19 Drain-Related Outbreaks in 5 Years. Chemical Disinfection Alone Failed in 84% of Cases.

Inkster 2024 Journal of Hospital Infection Peer-Reviewed

Key takeaway.

Drain-related outbreaks are protracted, complex events that resist standard interventions. Of 19 outbreaks reviewed, 84% involved multidrug-resistant organisms, and chemical disinfection alone proved insufficient in most cases. Biofilm recolonization occurred within weeks of treatment, requiring fundamentally different approaches.

The study.

Inkster et al. conducted a comprehensive narrative review of drain-related healthcare-associated infection outbreaks by searching PubMed and Cochrane databases over a five-year period (March 2019 to March 2024). The review identified 19 documented drain-related outbreaks in healthcare settings and synthesized findings on outbreak characteristics, antecedent factors, and multi-modal control strategies implemented during remediation.

The authors found that drain-related outbreaks are protracted and complex events requiring sustained multi-modal interventions for successful control. Outbreaks frequently involved multidrug-resistant pathogens including Pseudomonas aeruginosa, carbapenem-resistant Enterobacterales, and other Gram-negative bacteria. Despite implementation of diverse control measures including chemical disinfection, physical interventions, and drainage modifications, outbreaks often persisted.

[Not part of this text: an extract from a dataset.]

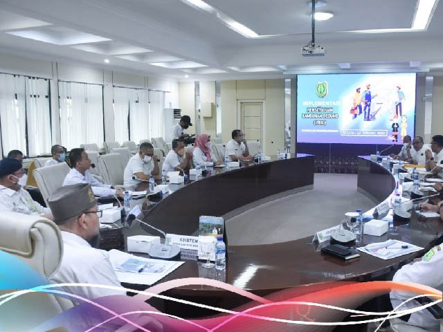 Plt Bupati Muba Beni Hernedi melalui Asisten Bidang Pemerintahan dan Kesejahteraan Rakyat Setda Kabupaten Muba H Yudi Herzandi SH MH, memimpin Rapat Pembahasan terkait Implementasi Kebijakan dalam Penerbitan Persetujuan Bangunan Gedung (PBG). Rapat bertempat di Ruang Serasan Sekate, Rabu (12/1/2022).

The review revealed significant gaps in outbreak management consistency and emphasized that biofilm-based contamination in plumbing systems remains a persistent challenge despite multiple intervention attempts. Multiple outbreaks demonstrated recolonization of previously disinfected drains within weeks to months, indicating that chemical treatment alone cannot maintain drain systems free of pathogenic biofilms.

Key findings.

  • Multi-modal intervention required Successful outbreak control required multiple concurrent strategies rather than single interventions, with most outbreaks involving chemical disinfection, environmental modifications, and engineering solutions applied simultaneously.
  • Protracted outbreak duration Drain-related outbreaks demonstrated prolonged timelines for resolution, with some spanning months despite aggressive intervention, highlighting the resilience of drain biofilms to standard decontamination approaches.
  • Multidrug-resistant pathogen dominance Sixteen of 19 outbreaks (84%) involved antibiotic-resistant Gram-negative organisms, predominantly Pseudomonas aeruginosa and carbapenem-resistant Enterobacterales.
  • Inconsistent control measures Variation in intervention strategies across outbreaks, with chemical disinfection alone proving insufficient in most cases, suggesting need for standardized protocols incorporating physical and engineering solutions.
  • Biofilm recolonization risk Multiple outbreaks demonstrated recolonization of previously disinfected drains within weeks to months, indicating that chemical treatment alone cannot maintain drain systems free of pathogenic biofilms.

What this means for your facility.

The Inkster review documents that chemical disinfection alone fails to control drain-related outbreaks in 84% of cases. Green Drain's mechanical barrier approach offers a fundamentally different intervention. Rather than attempting to repeatedly disinfect biofilm-contaminated water seals, the waterless silicone valve eliminates the biofilm environment entirely, addressing the root cause of outbreak persistence.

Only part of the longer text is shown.